Source: section 135, ERA: employee has basic right to redundancy payment

Those excluded from payments:

  • Independent contractors

  • Employment outside Great Britain

  • Less than two years continuous employment

  • Offer of suitable alternative employment

  • Misconduct

  • Offer of re-engagement or alternative employment.

  • Former registered dock workers and share fishermen

  • Crown servants, members of the armed forces or police services

  • Apprentices who are not employees at the end of their training

  • A domestic servant who is a member of the employer’s immediate family.

Payment Calculation:

Source: section 162, ERA

Information required:

  • Age of employee

  • Length of continuous employment

  • Amount of gross weekly pay

Working backwards, for each year in which employee was aged between 41 and 64: one and a half week’s pay.
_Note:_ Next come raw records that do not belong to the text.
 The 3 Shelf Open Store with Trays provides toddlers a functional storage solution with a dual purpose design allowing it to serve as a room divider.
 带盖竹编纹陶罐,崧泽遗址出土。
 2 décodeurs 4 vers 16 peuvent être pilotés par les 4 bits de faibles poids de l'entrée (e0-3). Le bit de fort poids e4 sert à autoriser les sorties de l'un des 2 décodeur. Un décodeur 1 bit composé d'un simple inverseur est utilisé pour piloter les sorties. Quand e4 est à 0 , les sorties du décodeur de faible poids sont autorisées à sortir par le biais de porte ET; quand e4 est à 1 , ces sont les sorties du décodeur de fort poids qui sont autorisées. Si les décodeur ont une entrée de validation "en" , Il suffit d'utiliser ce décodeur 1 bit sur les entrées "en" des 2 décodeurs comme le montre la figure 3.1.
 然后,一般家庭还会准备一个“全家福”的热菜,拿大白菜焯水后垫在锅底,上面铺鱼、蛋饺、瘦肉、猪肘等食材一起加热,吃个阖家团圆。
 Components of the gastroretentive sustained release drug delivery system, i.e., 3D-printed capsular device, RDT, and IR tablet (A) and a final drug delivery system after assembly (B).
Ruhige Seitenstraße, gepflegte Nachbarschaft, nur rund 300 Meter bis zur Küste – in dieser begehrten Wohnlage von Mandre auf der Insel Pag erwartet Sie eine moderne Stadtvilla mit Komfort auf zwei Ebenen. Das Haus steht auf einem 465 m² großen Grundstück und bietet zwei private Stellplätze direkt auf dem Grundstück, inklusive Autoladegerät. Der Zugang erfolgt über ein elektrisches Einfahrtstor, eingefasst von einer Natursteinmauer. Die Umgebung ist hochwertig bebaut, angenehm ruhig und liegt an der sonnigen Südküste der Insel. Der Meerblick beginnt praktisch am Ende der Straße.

For each year aged between 22 and 41: one week’s pay.

For each year from start of work to age 22: half a week’s pay.

Notes: 20 years maximum calculation

Maximum gross weekly pay: £538

Employment before 18 not counted.

Current maximum redundancy payment: £16,140

Weekly pay is the average earned per week over the 12 weeks before redundancy notice is required.
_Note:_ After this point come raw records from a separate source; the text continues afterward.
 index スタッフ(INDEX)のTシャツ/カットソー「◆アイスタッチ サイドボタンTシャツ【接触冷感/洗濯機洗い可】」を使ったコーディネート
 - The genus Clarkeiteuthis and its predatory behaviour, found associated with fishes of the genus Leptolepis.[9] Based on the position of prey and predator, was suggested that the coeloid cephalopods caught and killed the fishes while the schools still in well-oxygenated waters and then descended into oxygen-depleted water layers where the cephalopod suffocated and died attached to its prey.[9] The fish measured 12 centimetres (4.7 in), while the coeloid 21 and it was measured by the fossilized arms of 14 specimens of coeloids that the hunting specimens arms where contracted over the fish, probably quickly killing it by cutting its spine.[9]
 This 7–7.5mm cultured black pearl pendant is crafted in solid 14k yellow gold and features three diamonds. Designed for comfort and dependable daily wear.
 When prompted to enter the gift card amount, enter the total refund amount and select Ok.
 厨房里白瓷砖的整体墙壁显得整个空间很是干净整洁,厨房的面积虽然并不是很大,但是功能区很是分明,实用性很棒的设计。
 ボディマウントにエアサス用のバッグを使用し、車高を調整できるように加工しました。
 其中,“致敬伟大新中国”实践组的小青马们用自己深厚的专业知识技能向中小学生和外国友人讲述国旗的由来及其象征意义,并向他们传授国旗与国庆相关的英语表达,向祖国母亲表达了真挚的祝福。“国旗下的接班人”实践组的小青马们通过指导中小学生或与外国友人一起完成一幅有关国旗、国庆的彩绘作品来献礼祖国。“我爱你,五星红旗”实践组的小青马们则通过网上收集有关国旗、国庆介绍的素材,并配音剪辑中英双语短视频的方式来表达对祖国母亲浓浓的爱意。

Short-term and temporary lay-offs

Workers can claim statutory redundancy pay that they are eligible for and have been temporarily laid off, without pay or less than half a week’s pay for either:

  • More than 4 weeks in a row

  • More than 6 non-consecutive weeks in a 13-week period.

Employers must be informed of the intention to claim statutory redundancy pay within 4 weeks of the last non-working day in the 4 or 6-week period.

The claim could be rejected if normal work is likely to start within 4 weeks and continue for at least 13 weeks.

Reduction of redundancy payments:

  • Misconduct

  • Employees nearing retiring age.

Where an employer fails to pay, the redundant worker may apply for payment direct from National Insurance Fund.

Disputes are referred to Employment Tribunal: section 170, ERA.

Redundancy payments not subject to recoupment.

Time limit for claims: six months from “relevant date”

Relevant date:

  • Contract terminated by notice: date when notice expires

  • Contract terminated without notice: date of termination

  • Fixed term contract: date on which fixed term expires

  • Employee taken to have been dismissed: date on which notice expires

  • Special rules where employee worked for trial period.